Press Review
The top headlines of most of the major Czech dailies today deal with the diplomatic scandal caused by a Polish parliamentarian who took it into his own hands to arrest a Polish murder suspect on Czech soil last Sunday. The Czech Foreign Ministry filed an immediate protest with the Polish Ambassador in Prague, but PRAVO writes that so far Warsaw has not expressed an official stance over the incident.

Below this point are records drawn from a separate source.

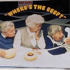 “Where’s the beef?” is a catchphrase in the United States and Canada, introduced as a slogan for the fast food chain Wendy’s in 1984. Since then it has become an all-purpose phrase questioning the substance of an idea, event, or product. In the ad, titled “Fluffy Bun”, actress Clara Peller receives a burger with a massive bun but a tiny patty from a fictional competitor, which uses the slogan “Home of the Big Bun”. The small patty prompts Peller angrily to exclaim, “Where’s the beef?” Director Joe Sedelmaier actually wanted Peller to say, “Where is all the beef?” but because of emphysema, that was too hard for her.
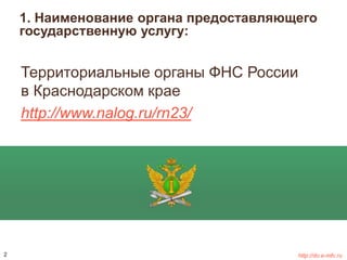 Документ регламентирует процесс государственной регистрации юридических лиц и индивидуальных предпринимателей в Краснодарском крае. Содержит информацию о необходимых документах, размере государственной пошлины и правовых основаниях, а также основаниях для отказа в регистрации. Общий срок предоставления услуги составляет 5 рабочих дней.
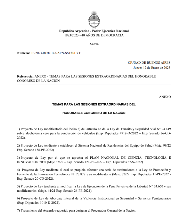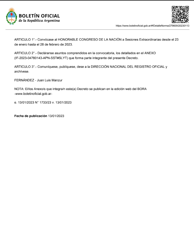En el Boletín Oficial se publicó el decreto 17/2023 firmado por Alberto Fernández y su jefe de Gabinete, Juan Manzur. La norma habilita a que los legisladores sesionen desde el próximo 23 de enero, una semana después de lo que se había pensando inicialmente.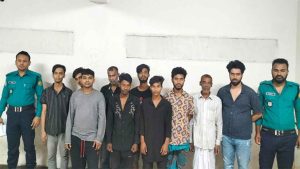 গ্রেফতাররা হলো— সজিব (২০), ইমরান (১৯), বিজয় (২০), নাদিম (২০), আহাদ (২২), রবিউল (২১), হৃদয় (১৯), সোহান (২৪), সাগর (১৯), আবদুল হাকিম (২২), মোরসালিন (২৪), মনির হোসেন (১৯)।

The American proposal to include the Czech Republic in its missile defense system for Europe also gets coverage on the front pages of HOSPODARSKE NOVINY, MLADA FRONTA DNES and PRAVO. Washington believes that the Czech Republic can play a vital role in the defense shield because of the country's strategic location in Central Europe.
HOSPODARSKE NOVINY reports that of all the Czech political parties, only the Communist Party has come out against the proposal. Experts from the US Department of Defense outlined their plan to the Czech defense minister, Jaroslav Tvrdik, during his recent visit to the United States, but the Czech government insists that the decision to participate in the missile defense system will not be made solely by the minister, but by the whole government.
While Western leaders seek to protect their countries in fear of a possible missile attack, it appears that the Czechs no longer fear something that has threatened Europe in recent years - mad cow disease. The Czech's fear of BSE has passed, MLADA FRONTA DNES writes, as there has been no decrease in the sale of beef since the third case of the disease was discovered in the Czech Republic last week.
The impact of the recent floods continues to receive much press in LIDOVE NOVINY, with the newspaper focusing on the environmental effects of dangerous chemicals leaked from Spolana Neratovice plant, near Prague. Fruit and vegetable crops in the vicinity of Spolana have been severely damaged and continue to perish, with farmers from the area attributing the changes to 3,500 tons of chemicals from Spolana that leaked into the flood waters.
But while the crops in Neratovice are perishing, the three-year long "Anti-graffiti programme" in Prague is bearing fruit, the first sentences being handed down to four young graffiti artists from Prague 6. One youth received a six month suspended sentence, while the other three youths will each have to serve one hundred hours of community service. LIDOVE NOVINY reports that although twenty-six similar cases have been dealt with in the past three years, these are the first ones to receive such sentences. After the ruling, the youths told LIDOVE NOVINY that they would never graffiti again.